Here, cheats, swindlers and the like are more pious and, with corruption spreading like galloping cancer, religiosity has broken all bounds. Places of worship are multiplying and hundreds of thousands gather at shrines during religious festivals Recently, on a festive occasion a hundred-odd died in a stampede when millions milled around to view a, supposedly, spurious divine luminescent phenomenon near a legendary temple on top of a southern forested hill. Even people’s blind faith has become exploitable for unethical gains.
India had won its independence from the colonial power largely on the basis its moral force. Non-violence, “soul-force”, et al practiced during the struggle for freedom had won encomiums from world leaders. Gandhi’s truth and non-violence were the guiding forces which eventually won the country its freedom without any bloodshed. Truly, in those days, which stretched into the first two decades after independence, ethical standards were so high that scarcely was there a person who would be corrupt, and, if found so, would promptly be ostracized. No wonder, soon after independence the country, despite its abject poverty, was acknowledged by the international community as repository of ethics and morality. Immediately after the end of World War II, unleashed by the self-aggrandising and immoral Axis Powers, India provided a welcome change.
A decline in ethical standards, however, commenced around the 1970s and took progressively a precipitous plunge thereafter. It largely started off as political corruption and later, unchecked and unbridled, permeated the society at every level, so much so that today India is among the most corrupt nations in the world. The governments – central or of states – and public bodies make phony efforts to fight the menace of corruption. Even the corruption- watchdog the Centre recently appointed has a history of corruption.

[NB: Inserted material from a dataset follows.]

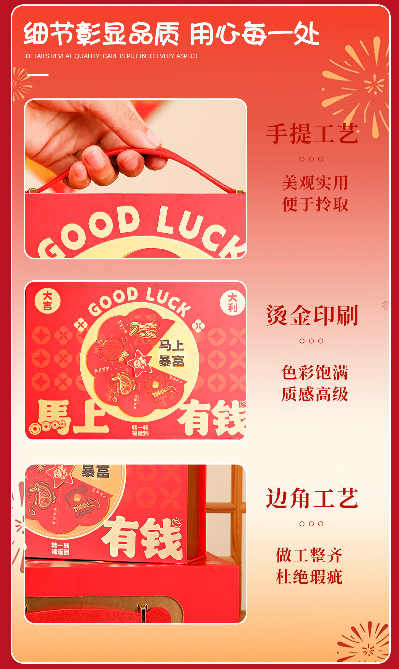 проснувшийся лев; Получите деньги немедленно; Ведро благословений; Фуляй (пустая коробка); Мгновенно обогатитесь и откройте оконную коробку; Предназначенная для удачи трехмерная коробка; Ежедневные деньги (пустое поле)
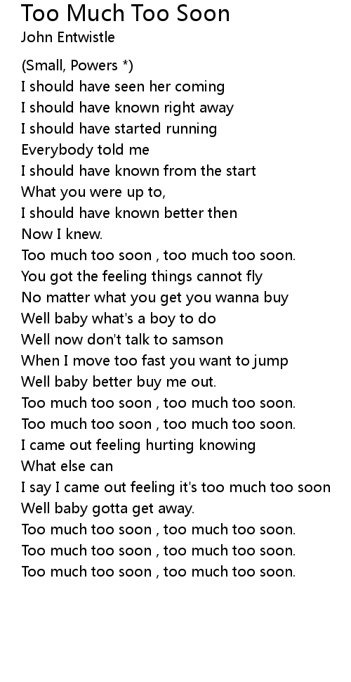 Too much too soon , too much too soon. |

While politicians and top officials at the Centre, the states and even in the civic bodies loot the public exchequer, they also foster sleaze among those who deal with them. Industrialists, businessmen and traders, in league with politicians and officials, make merry at the cost of the people. The recent missive to the government by corporate houses asking for a check on corruption is, therefore, specious and spurious as it is they who are largely responsible for corrupting the system.
Even the democracy that we have is spurious. Politicians work for their own perpetuation in office, instead of working for the larger good. Politics of vote banks has permeated the entire polity. Besides, the country’s parliamentary democracy is progressively morphing into an oligarchy. As Patrick French, the British author of “India- an intimate portrait of 1.2 billion people”, has revealed, seats in the Indian Parliament are progressively going by heredity. The electoral system being what it is, a non-political contestant has scarcely a chance. It’s now the private preserve of the movers and shakers and wheelers and dealers.
The “social contract”, under which people ceded their sovereignty to the government hoping for installation of a just and equitable social order based on the rule of law, has been severely breached by the (central and state) governments and other public institutions. They and their several agencies are promoting, by way of their acts of omissions and commissions, socio-economic disparities. While a few are reaping the fruits of the country’s economic surge, a very large section of the population continues to be deprived, languishing in heart-rending poverty and under-nourishment. The fetish-ised 9% “inclusive (GDP) growth”, therefore, sounds hollow and the claim of being an emerging super-power is nothing but – well, yes, spurious!